強い材料ほど安定しないのはなぜか
強度や剛性を求める場面では、ガラス繊維強化樹脂(G材)が選ばれることが増えています。
PPS-GやPA66-Gといった材料は機械特性に優れ、用途によっては金属代替としても成立します。
一方で(株)アリスの現場では、「強い=扱いやすい」とはならないケースが多く見られます。
むしろ、強度を持たせたことで加工時の不安定要素が増える材料とも言えます。
大きな要因は、内部に含まれるガラス繊維の存在です。
この繊維が工具に対して強い摩耗を引き起こし、刃物の寿命を大きく左右します。さらに、繊維の配向によって加工抵抗が変化するため、同じ条件でも仕上がりが安定しないことがあります。
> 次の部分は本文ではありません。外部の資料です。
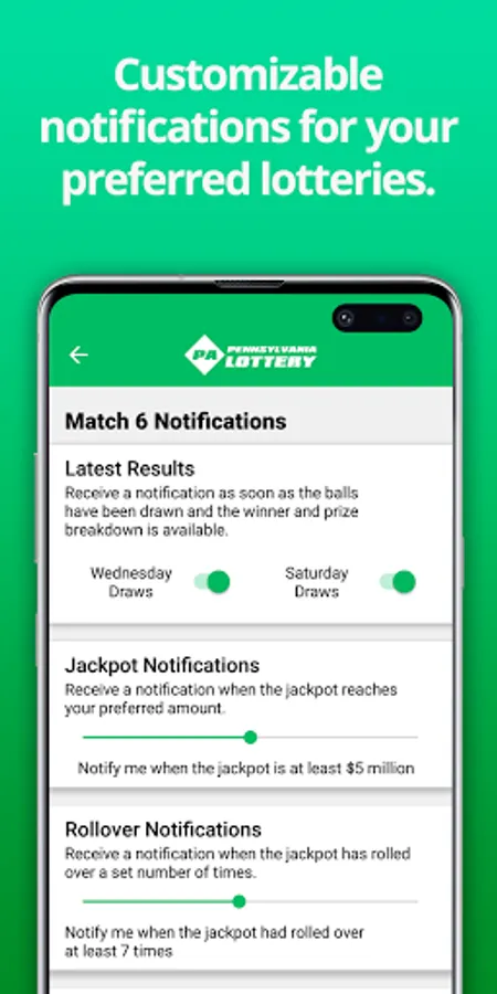 Get notified instantly when the latest lottery results and prize breakdowns become available. The App allows you to customise notifications for specific lottery games and you can also choose which days of the week you play. Want to know when the jackpot has rolled over or has reached a certain amount? Just head to the Notification section of the app to set up your alerts. There is also the option to set notifications at times that suit you - great for reminding you to purchase tickets before the draw.
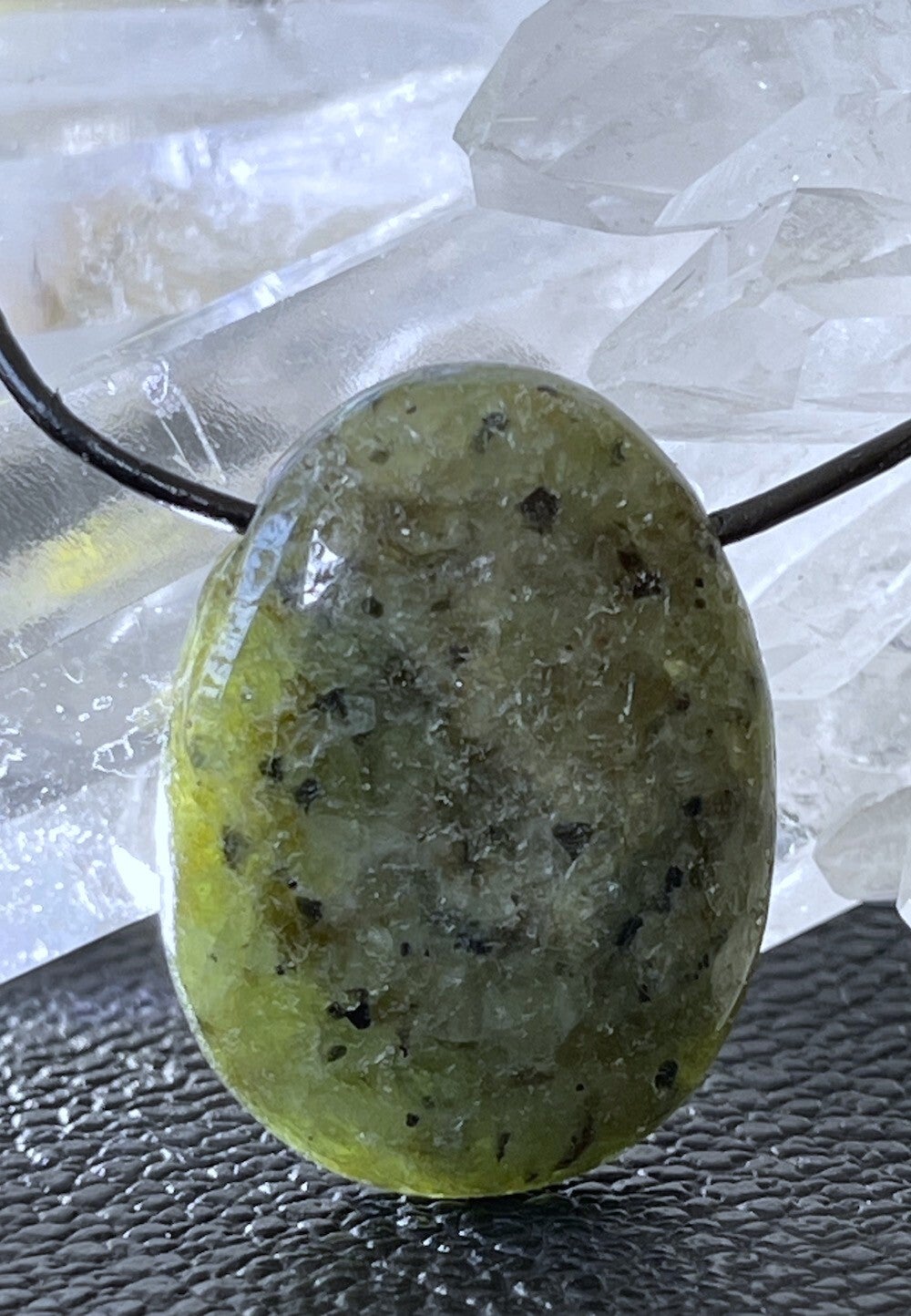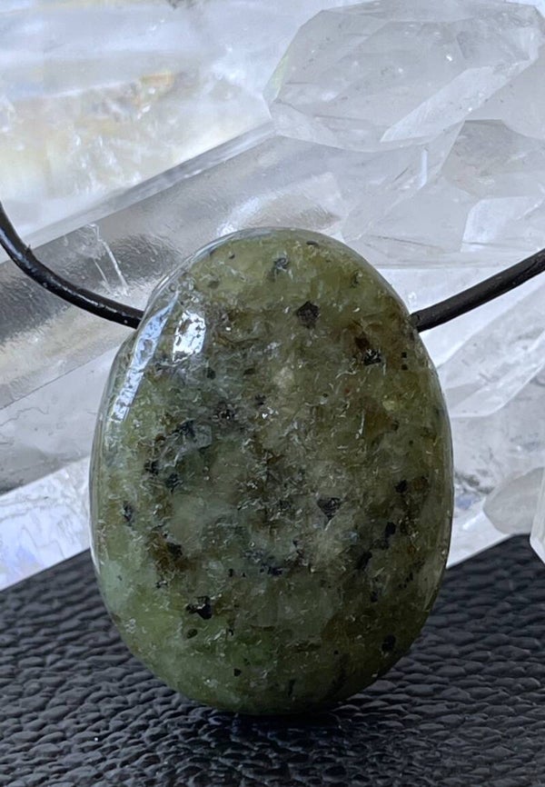 Peridoot met Flogopiet uit Piemonte Italië, hanger doorboord, met veter
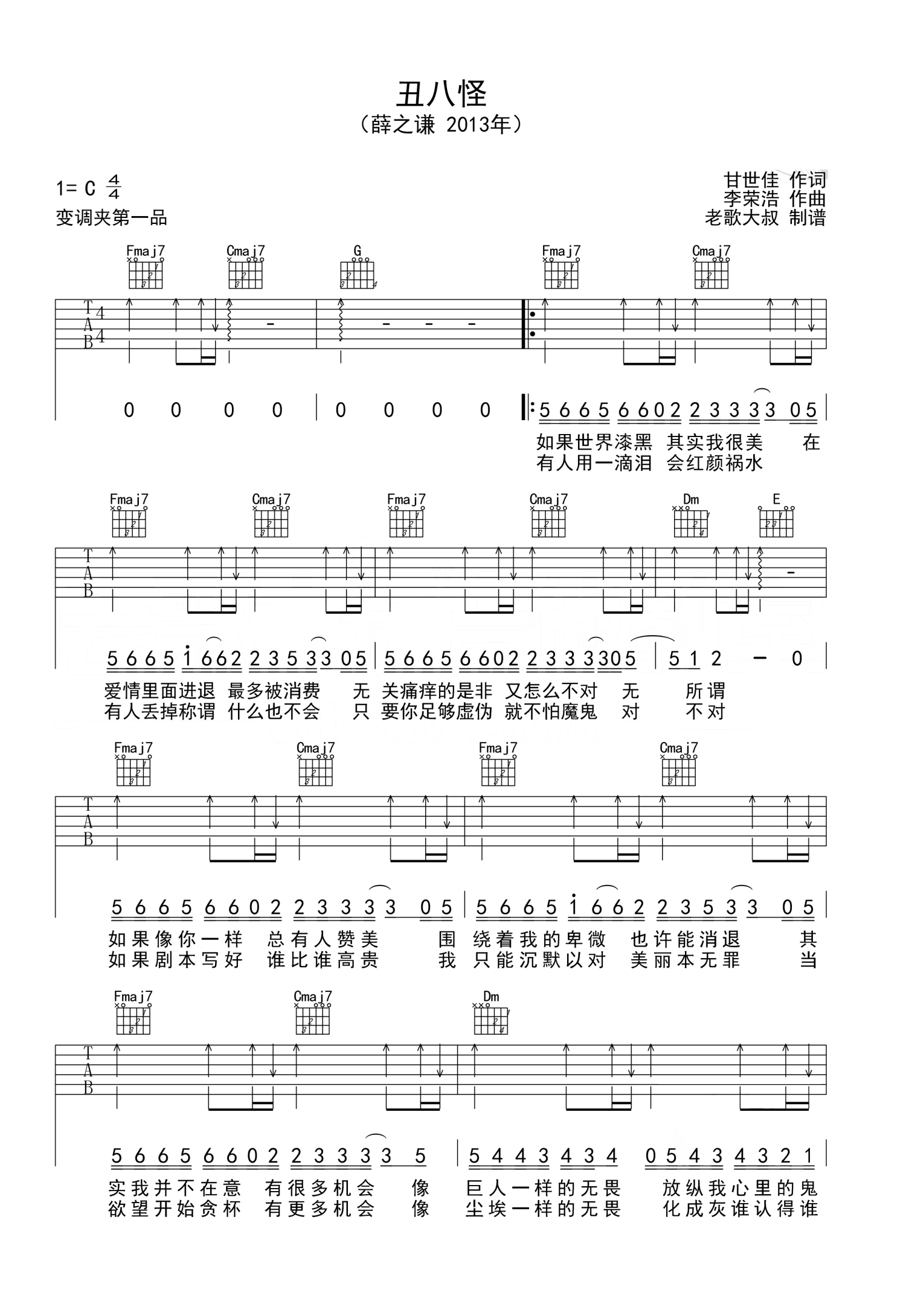 丑八怪吉他谱 - 薛之谦 - C调吉他弹唱谱

具体的には、バリの発生、欠け、層間剥離、加工面の粗れといった現象が起こりやすくなります。これらは単純な条件調整だけでは抑えきれず、材料内部の構造を前提にした対応が必要になります。
そのため(株)アリスでは、一般的な樹脂と同じ考え方では加工しません。
工具選定、切削条件、工程順序を個別に見直し、「どの影響をどこで抑えるか」を整理しながら進めます。どこか一つの対策だけではなく、複数の要素を組み合わせて安定性を確保していきます。
重要なのは、表面に見える結果だけで判断しないことです。
加工面の状態だけでなく、その背後にある繊維の影響や応力の残り方まで含めて捉えることで、はじめて再現性のある加工に近づきます。
強い材料は、条件が合えば性能を発揮しますが、扱い方を誤ると逆にばらつきが大きくなります。
どの特性を活かし、どの影響を抑えるのか。その判断によって、同じ材料でも結果は変わっていきます。
(株)アリスでは、材料の内部構造を前提にした加工設計を行うことで、G材の特性を安定した形で引き出すことを重視しています。